Conclusion: Heart Failure risk and low Selenoprotein P
Selenoprotein P acts as a selenium transporter. It is essential in selenium metabolism and storage. Selenoprotein P concentrations correlate closely with serum selenium levels and are a functional index of selenium status [Jujic 2023].
Low selenoprotein P levels were associated with a higher risk of incident heart failure in a general population [Jujic 2023].
Adjustment for diabetes status shows that the association of low selenoprotein P level and higher risk of incident heart failure was independent of diabetes status [Jujic 2023].
There was no apparent interaction between selenoprotein P level and smoking [Jujic 2023].
There was an association between higher selenoprotein P concentrations and lower risk of heart failure only in the male study participants; however, more than two thirds of the study population was male. There were significantly lower numbers of female study participants in both cases and controls. Accordingly, heart health benefits of selenium in females cannot be excluded. High selenium levels have previously been associated with reduced risk of mortality in women [Jujic 2023].
American Heart Association. What is Heart Failure? 2023. Retrieved from https://www.heart.org/en/health-topics/heart-failure/what-is-heart-failure
Benjamin EJ, Virani SS, Callaway CW. Heart disease and stroke statistics: 2018 update. Circulation 2018;137:e67–492.
Bomer N, Grote Beverborg N, Hoes MF, Streng KW, Vermeer M, Dokter MM, IJmker J, Anker SD, Cleland JGF, Hillege HL, Lang CC, Ng LL, Samani NJ, Tromp J, van Veldhuisen DJ, Touw DJ, Voors AA, van der Meer P. Selenium and outcome in heart failure. Eur J Heart Fail. 2020 Aug;22(8):1415-1423.
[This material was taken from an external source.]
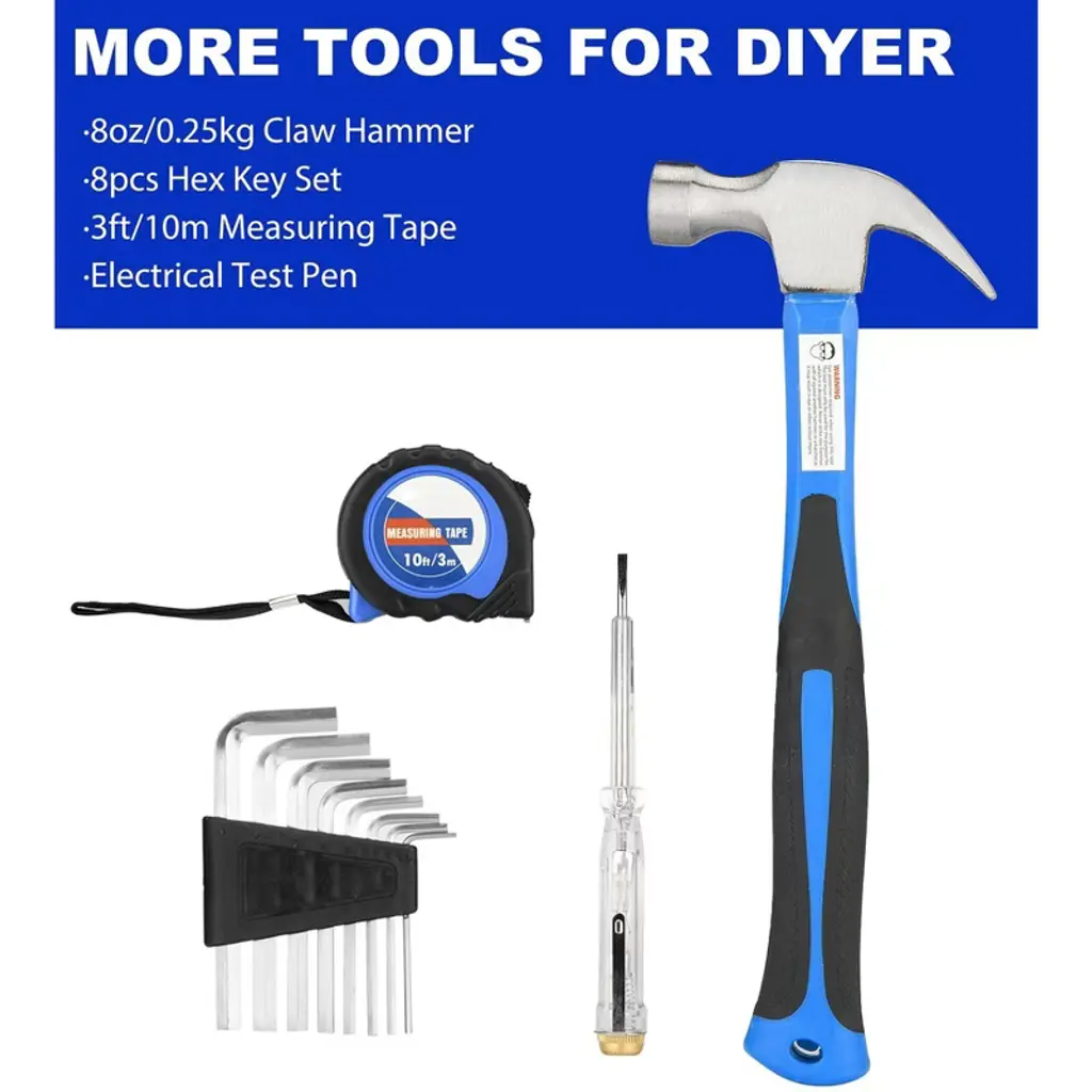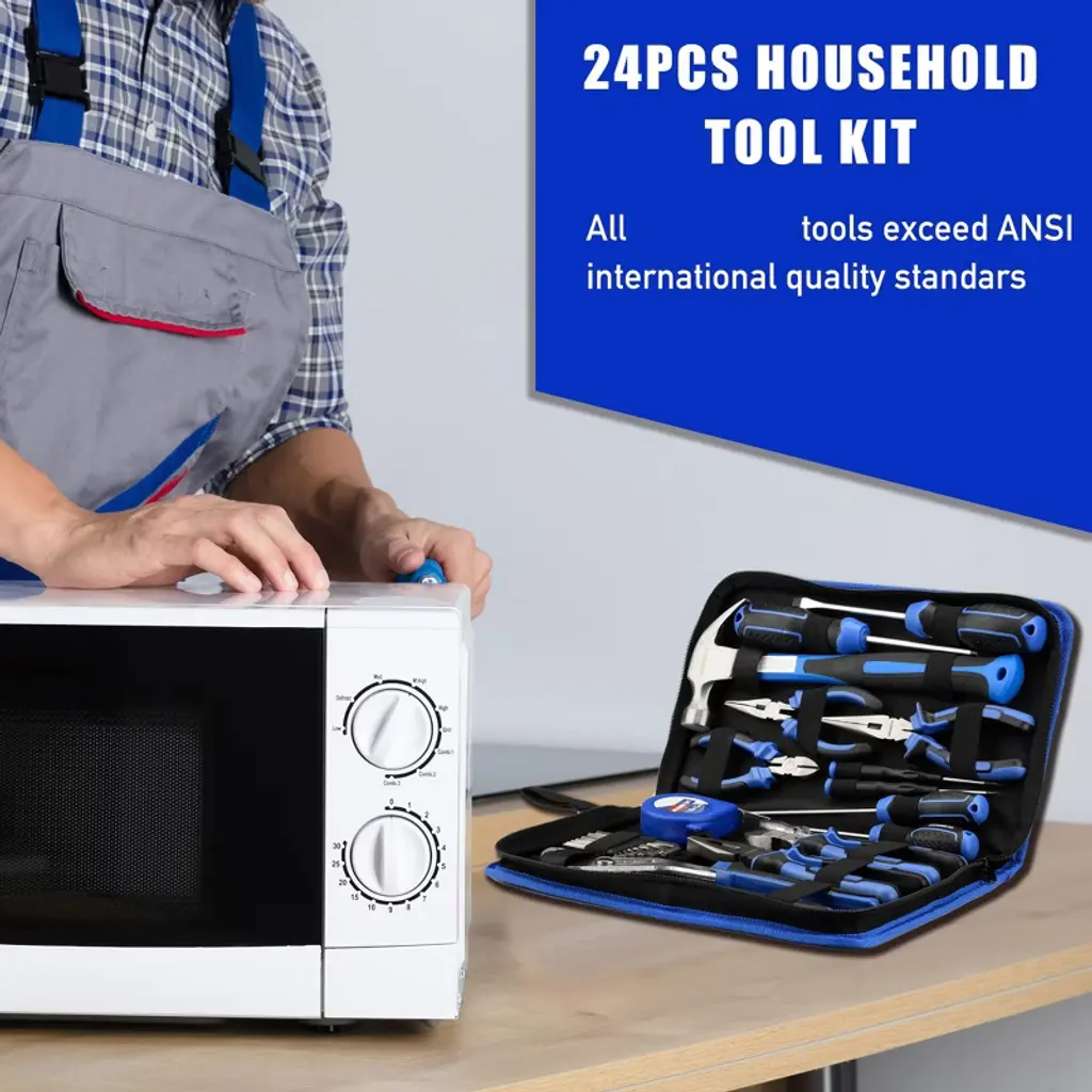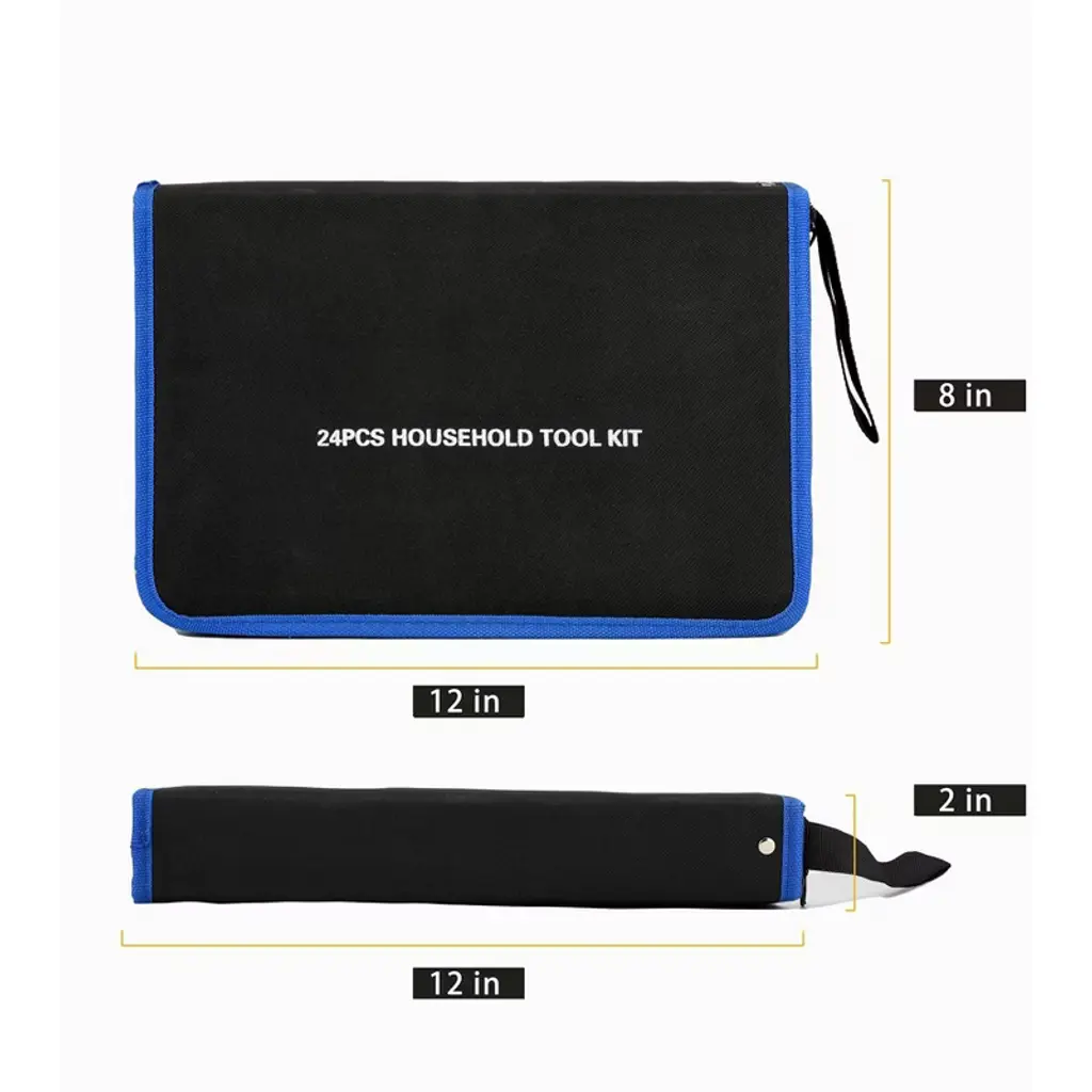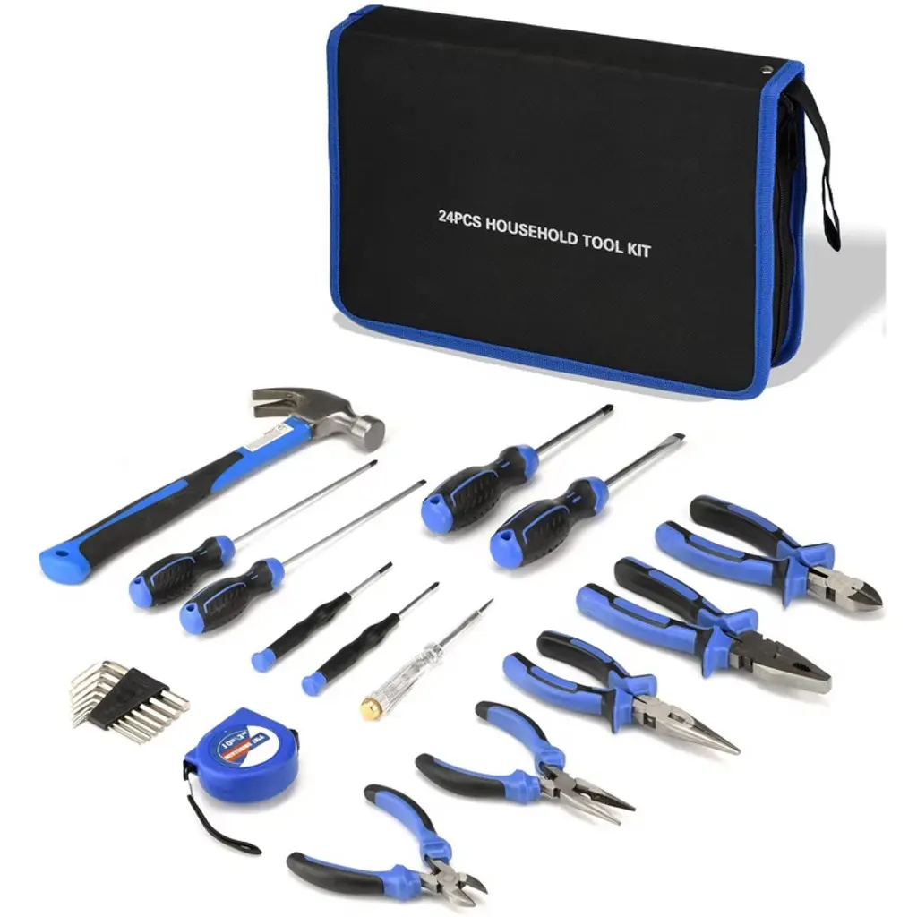 Discover this 24 - piece household tool kit, a perfect companion for all your repair needs. Crafted with high - quality steel and finished in high - polish chrome, these tools are not only durable but also anti - corrosion, meeting or exceeding ANSI standards. The set includes a hammer, pliers, magnetic screwdrivers, hex keys, a measuring tape, and a voltage tester pen. The magnetic screwdrivers make it easy to pick up and work with screws. All tools are neatly stored in a tough 600D polyester fabric bag, which is well - stitched for long - lasting use. Whether it's a home repair, office fix - up, or automotive maintenance, this tool kit has got you covered. It's a must - have for anyone who wants to handle common repair tasks efficiently and conveniently.

Hurst R, Armah CN, Dainty JR, Hart DJ, Teucher B, Goldson AJ, Broadley MR, Motley AK, Fairweather-Tait SJ. Establishing optimal selenium status: results of a randomized, double-blind, placebo-controlled trial. Am J Clin Nutr. 2010 Apr;91(4):923-31.
Jujic A, Molvin J, Schomburg L, Hartmann O, Bergmann A, Melander O, Magnusson M. Selenoprotein P deficiency is associated with higher risk of incident heart failure. Free Radic Biol Med. 2023 Jul 7;207:11-16.
The information presented in this review article is not intended as medical advice and should not be used as such.